> Task prompt
Take the listing below and print exactly the lines starting at the line containing "Our garters are" and ending at the line containing "Una jornada de", both ends included, and no others.

> Excerpted records

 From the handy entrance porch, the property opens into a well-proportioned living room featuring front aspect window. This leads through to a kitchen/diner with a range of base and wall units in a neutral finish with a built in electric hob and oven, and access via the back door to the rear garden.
==
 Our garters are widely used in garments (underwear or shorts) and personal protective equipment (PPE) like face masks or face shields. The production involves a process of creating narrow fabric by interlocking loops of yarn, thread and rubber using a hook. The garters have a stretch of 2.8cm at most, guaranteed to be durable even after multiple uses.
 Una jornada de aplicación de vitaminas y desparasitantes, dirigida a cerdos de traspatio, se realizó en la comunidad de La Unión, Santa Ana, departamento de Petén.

> Response to the task
 Our garters are widely used in garments (underwear or shorts) and personal protective equipment (PPE) like face masks or face shields. The production involves a process of creating narrow fabric by interlocking loops of yarn, thread and rubber using a hook. The garters have a stretch of 2.8cm at most, guaranteed to be durable even after multiple uses.
 Una jornada de aplicación de vitaminas y desparasitantes, dirigida a cerdos de traspatio, se realizó en la comunidad de La Unión, Santa Ana, departamento de Petén.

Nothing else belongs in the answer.